Word for word, copy the data that follows and skip its pictures.

++++ Data shown

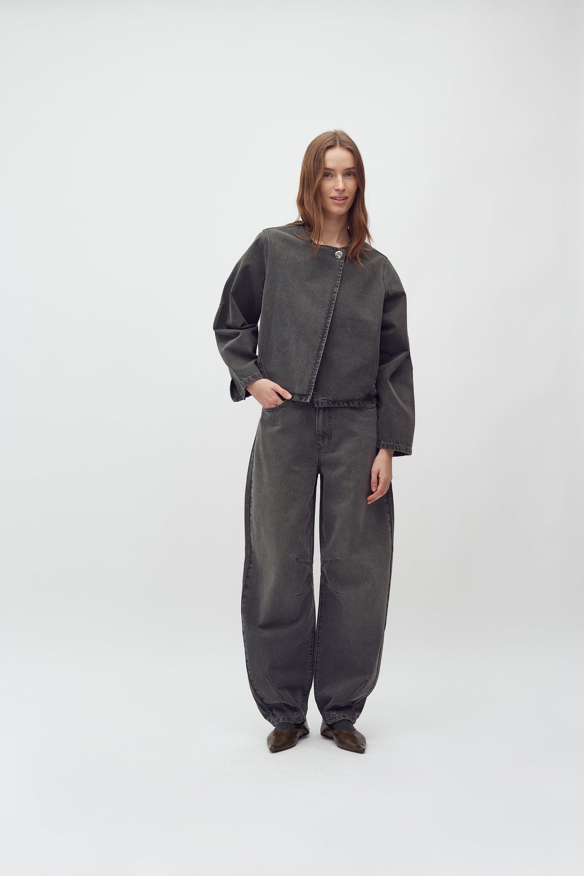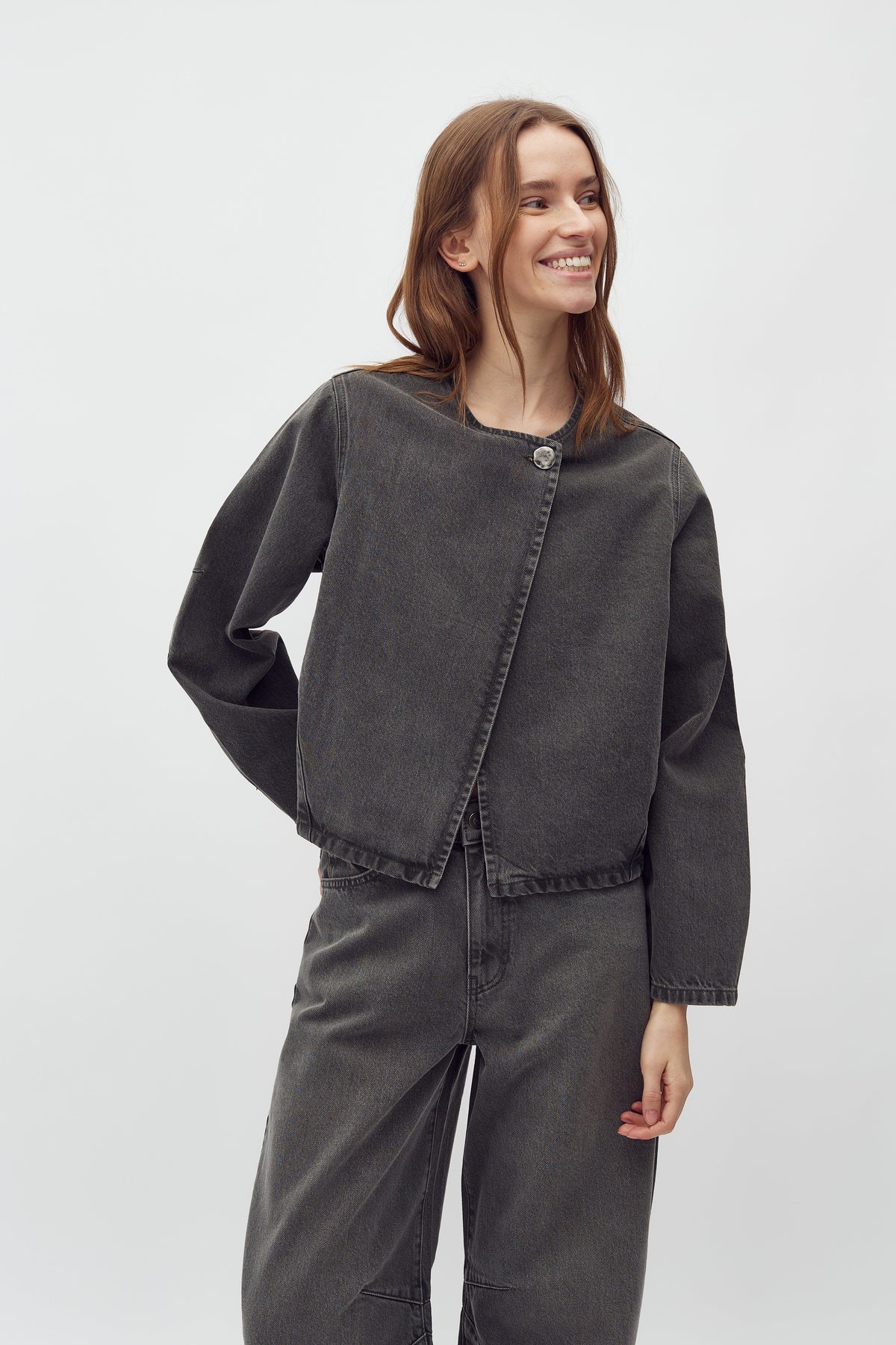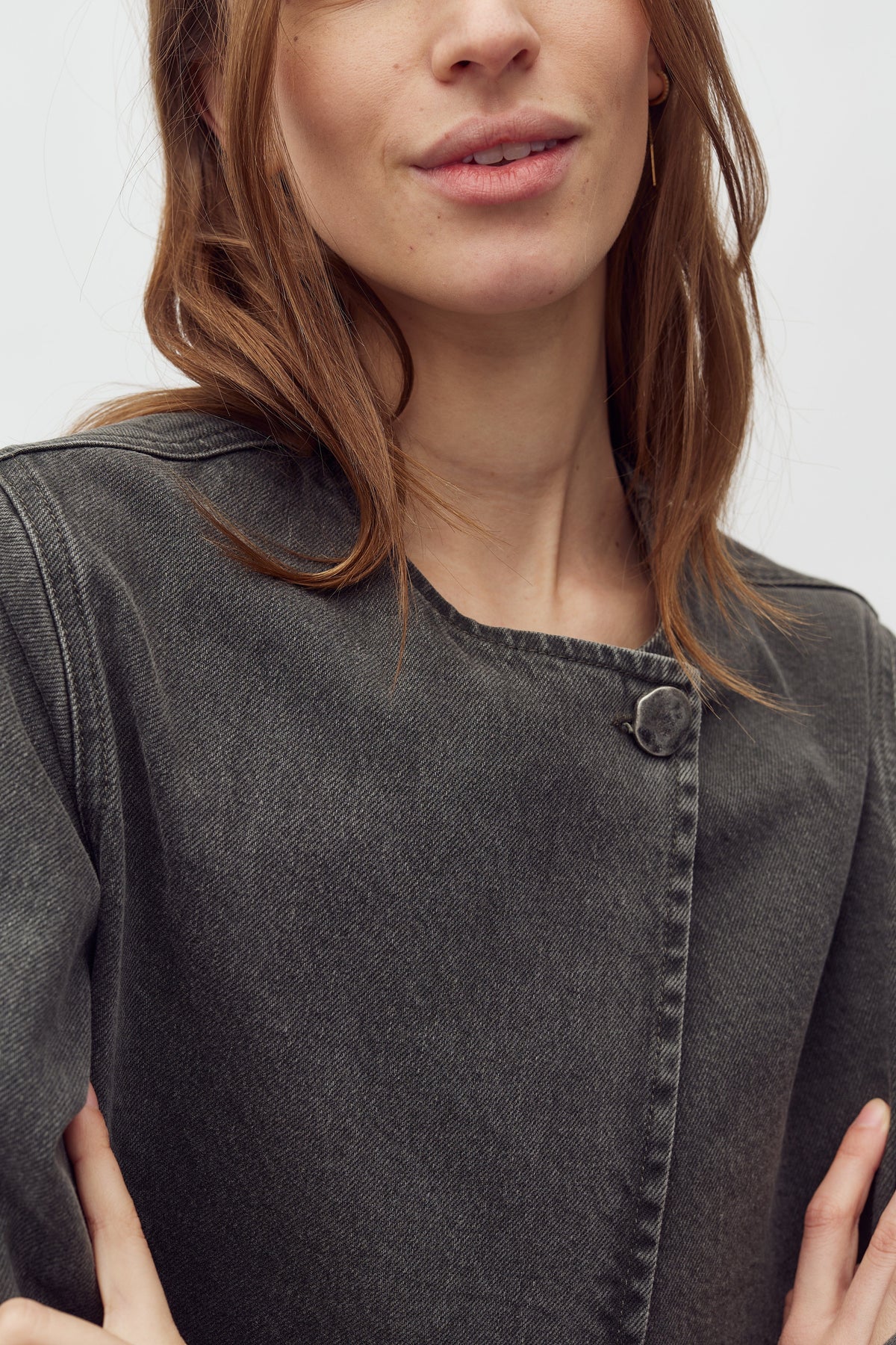 Khaki groene jas van MbyM met een oversized pasvorm. Hij heeft een acid wash-effect en decoratieve stiksels, die de jas een rustieke uitstraling geven.
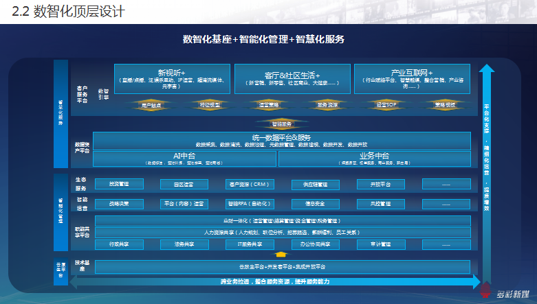 数实融合的顶层设计非常重要,我们做了三层,数智化基座+智能化管理+智慧化服务,三层技术架构设计。
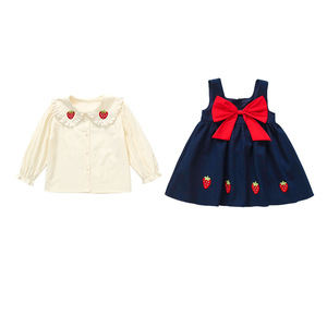 女童吊带连衣裙秋季套装2025新款女宝宝洋气春秋衬衫背带裙两件套
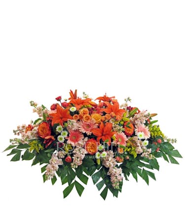 The spray is adorned with a rich tapestry of colors featuring vibrant orange lilies and roses, which symbolize the energy and passion of a life well-lived. Soft pink gerberas and peach roses complement these, adding a gentle touch of tenderness and sympathy. The floral display is interspersed with delicate white blossoms, which provide a contrast that highlights the deeper hues, lending an air of solemnity and grace. Surrounding these blooms are various green leaves and foliage, which frame the flowers beautifully and add to the overall lushness of the arrangement. Each element of the "Grace" casket spray is chosen for its beauty and ability to convey a message of reverence and remembrance.
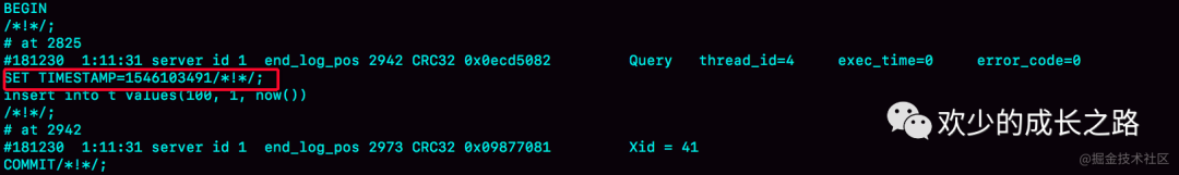 这里多了一个指令:SET TIMESTAMP=1546103491
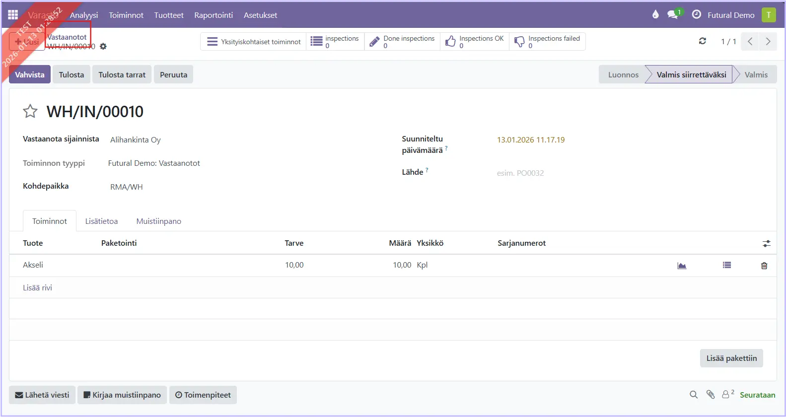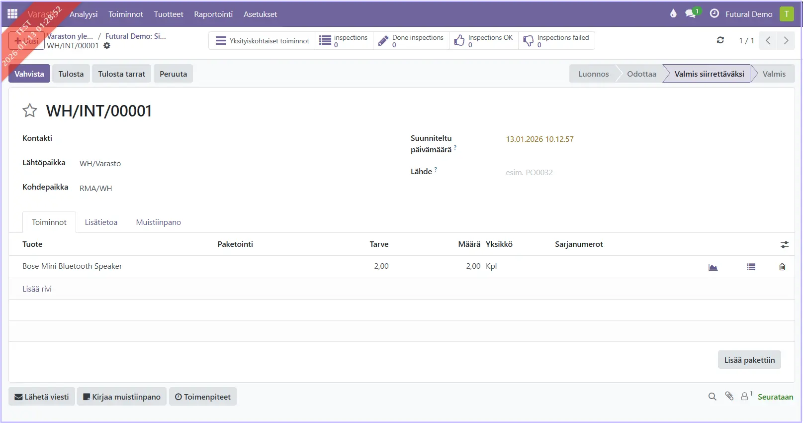 Vahvista siirto, jolloin tuotteet kirjautuvat haluamaasi varastoon. Sisäinen siirto toimii samalla logiikalla kuin muutkin siirtotilaukset.
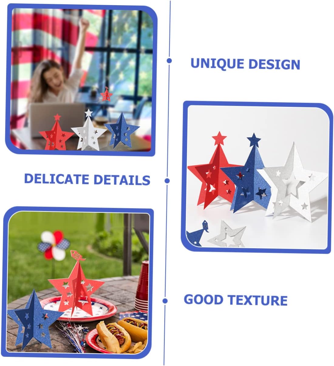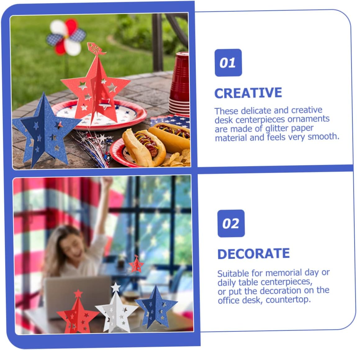 Decorazioni per la tavola del memorial day: possono essere applicate in diversi luoghi e occasioni, come piano di lavoro, armadietto, scaffale, scrivania e così via. Arredamento patriottico: il design è ragionevole, vivido, bello e altamente decorativo. questa è una buona scelta per il tuo . Forniture per feste del dell'indipendenza: quantità sufficiente e design adorabili possono facilmente soddisfare le tue esigenze di decorazione del dell'indipendenza. Targa tavolo con stella patriottica: piccola e resistente, non facile rompere, chic, questa è una decorazione scrivania molto eccellente. Centrotavola: possono essere posizionati sul tavolo o ovunque tu voglia in soggiorno, tavolo pranzo, ristorante e ufficio.
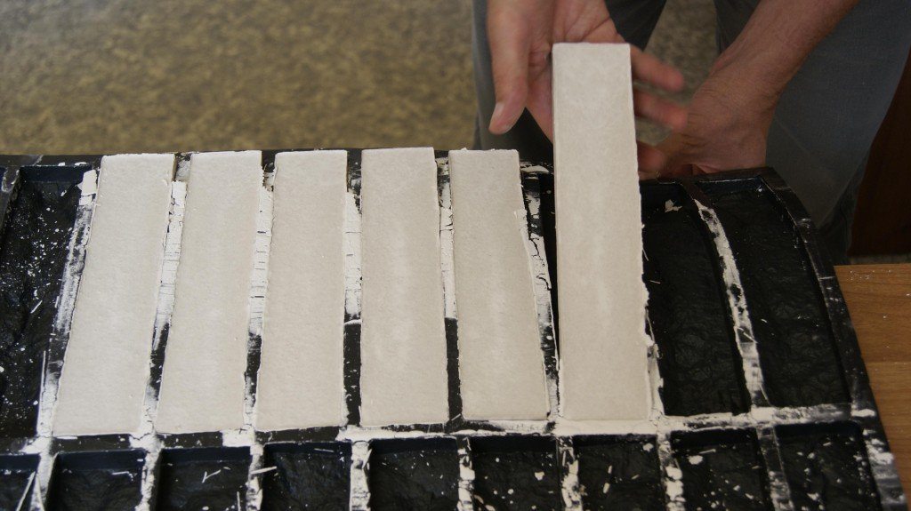 Nos secamos durante 24 horas, después de lo cual retiramos cuidadosamente el azulejo terminado del molde y lo dejamos secar por completo, evitando la exposición a la luz solar. Las condiciones creadas en una cámara de secado especial pueden reducir significativamente el tiempo y mejorar la calidad de este proceso.
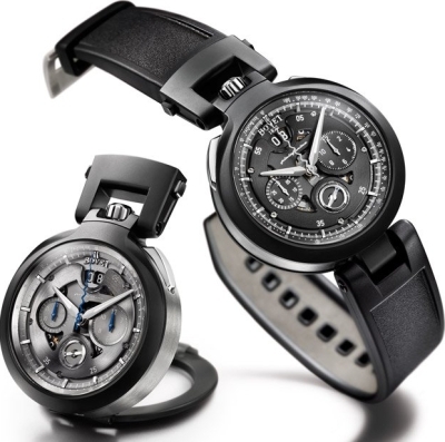 Для Евро-2012 были выбраны часы Bovet Chronograph Cambiano в стальном 45-миллиметровом корпусе, которые могут преображаться из наручныз в карманные или настольные.
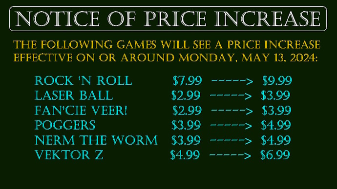 PRICE INCREASE FOR SIX ZAXTORGAMES NOTIFICATION
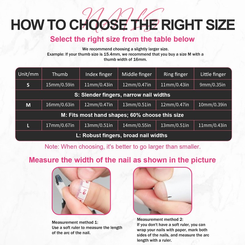 - 【Perfect Fit】 Each handcrafted artificial nail is designed to perfectly fit your natural nails. We offer three sizes (S/M/L) to ensure every customer finds their perfect “nail surface.” The set also includes all the tools needed for application, allowing you to create beautiful nails on your own.
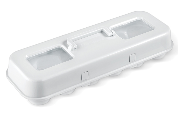 Crafted from durable, food-safe plastic, this cupcake carrier features a unique egg-carton-inspired design and two clear viewing windows, so you can check your cupcakes without opening the lid. The updated design includes small holes at the base of each cup for easy release, so serving is just as smooth as the ride.
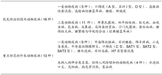 根据规划,我国优先防治和重点防范的动物疫病有 29 种,其中优先防治的国内一类动物疫病有 5 种,包括口蹄疫(A 型、亚洲 I 型、O 型)、高致病性禽流感、高致病性猪蓝耳病、猪瘟、新城疫。
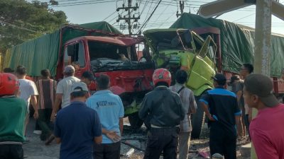 Kedua kabin truk yang mengalami kecelakaan rusak berat karena kerasnya benturan.

++++++++

> [Answer to the exercise]
 Khaki groene jas van MbyM met een oversized pasvorm. Hij heeft een acid wash-effect en decoratieve stiksels, die de jas een rustieke uitstraling geven.
 数实融合的顶层设计非常重要,我们做了三层,数智化基座+智能化管理+智慧化服务,三层技术架构设计。
 女童吊带连衣裙秋季套装2025新款女宝宝洋气春秋衬衫背带裙两件套
 The spray is adorned with a rich tapestry of colors featuring vibrant orange lilies and roses, which symbolize the energy and passion of a life well-lived. Soft pink gerberas and peach roses complement these, adding a gentle touch of tenderness and sympathy. The floral display is interspersed with delicate white blossoms, which provide a contrast that highlights the deeper hues, lending an air of solemnity and grace. Surrounding these blooms are various green leaves and foliage, which frame the flowers beautifully and add to the overall lushness of the arrangement. Each element of the "Grace" casket spray is chosen for its beauty and ability to convey a message of reverence and remembrance.
 这里多了一个指令:SET TIMESTAMP=1546103491
 Vahvista siirto, jolloin tuotteet kirjautuvat haluamaasi varastoon. Sisäinen siirto toimii samalla logiikalla kuin muutkin siirtotilaukset.
 Decorazioni per la tavola del memorial day: possono essere applicate in diversi luoghi e occasioni, come piano di lavoro, armadietto, scaffale, scrivania e così via. Arredamento patriottico: il design è ragionevole, vivido, bello e altamente decorativo. questa è una buona scelta per il tuo . Forniture per feste del dell'indipendenza: quantità sufficiente e design adorabili possono facilmente soddisfare le tue esigenze di decorazione del dell'indipendenza. Targa tavolo con stella patriottica: piccola e resistente, non facile rompere, chic, questa è una decorazione scrivania molto eccellente. Centrotavola: possono essere posizionati sul tavolo o ovunque tu voglia in soggiorno, tavolo pranzo, ristorante e ufficio.
 Nos secamos durante 24 horas, después de lo cual retiramos cuidadosamente el azulejo terminado del molde y lo dejamos secar por completo, evitando la exposición a la luz solar. Las condiciones creadas en una cámara de secado especial pueden reducir significativamente el tiempo y mejorar la calidad de este proceso.
 Для Евро-2012 были выбраны часы Bovet Chronograph Cambiano в стальном 45-миллиметровом корпусе, которые могут преображаться из наручныз в карманные или настольные.
 PRICE INCREASE FOR SIX ZAXTORGAMES NOTIFICATION
 - 【Perfect Fit】 Each handcrafted artificial nail is designed to perfectly fit your natural nails. We offer three sizes (S/M/L) to ensure every customer finds their perfect “nail surface.” The set also includes all the tools needed for application, allowing you to create beautiful nails on your own.
 Crafted from durable, food-safe plastic, this cupcake carrier features a unique egg-carton-inspired design and two clear viewing windows, so you can check your cupcakes without opening the lid. The updated design includes small holes at the base of each cup for easy release, so serving is just as smooth as the ride.
 根据规划,我国优先防治和重点防范的动物疫病有 29 种,其中优先防治的国内一类动物疫病有 5 种,包括口蹄疫(A 型、亚洲 I 型、O 型)、高致病性禽流感、高致病性猪蓝耳病、猪瘟、新城疫。
 Kedua kabin truk yang mengalami kecelakaan rusak berat karena kerasnya benturan.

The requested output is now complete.